- Education: Goddard College University of Iowa
- Occupation: Poet
- Spouse: Howard Norman ​(m. 1984)​
- Children: 1

= Jane Shore (poet) =

American poet

Jane Shore is an American poet.

==Life==
She graduated from Goddard College, and moved from Vermont to the Iowa Writers' Workshop. She graduated from Radcliffe College in 1972, where she was a student of Elizabeth Bishop.

Shore met Howard Norman in 1981, and they married in 1984. They have a daughter, Emma (born 1988).

Norman and Shore lived in Cambridge, New Jersey, Oahu, and Vermont, before settling into homes in Chevy Chase, Maryland near Washington, D.C. during the school year, and East Calais, Vermont in the summertime. Their friend, the author David Mamet and Shore's Goddard College classmate, lives nearby.

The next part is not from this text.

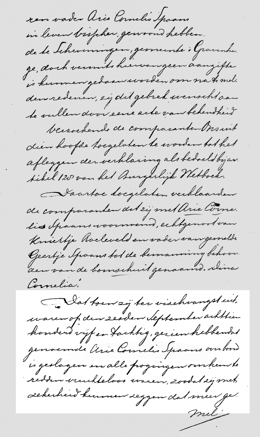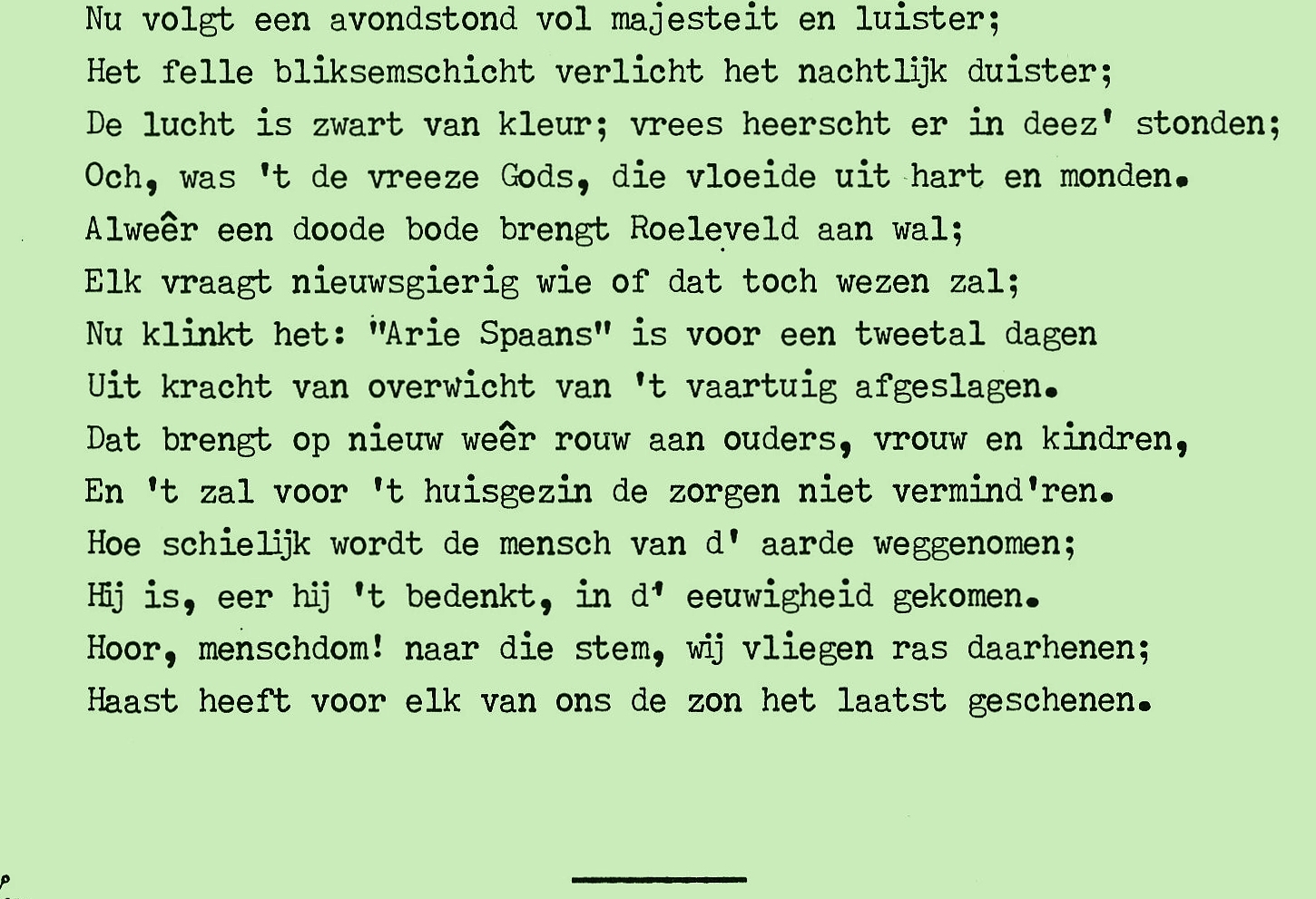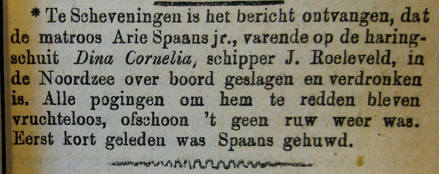 Ruw weer was dit keer niet de oorzaak maar niettemin was matroos Arie Cornelis Spaans overboord geslagen en ondanks uiterste pogingen was hij echter niet meer te pakken.

During the summer of 2003, poet Reetika Vazirani was housesitting the Normans' Chevy Chase home. There, on July 16, she killed her young son before committing suicide.

==Career==
She has edited Ploughshares, and her poems have been published in numerous magazines, including Poetry, The New Republic, and The Yale Review

She was Radcliffe Institute, fellow in poetry, 1971–73, and Briggs-Copeland Lecturer in English at Harvard University, 1973—, and Jenny McKean Moore Writer at George Washington University in Washington, D.C. She was visiting distinguished poet at the University of Hawaii.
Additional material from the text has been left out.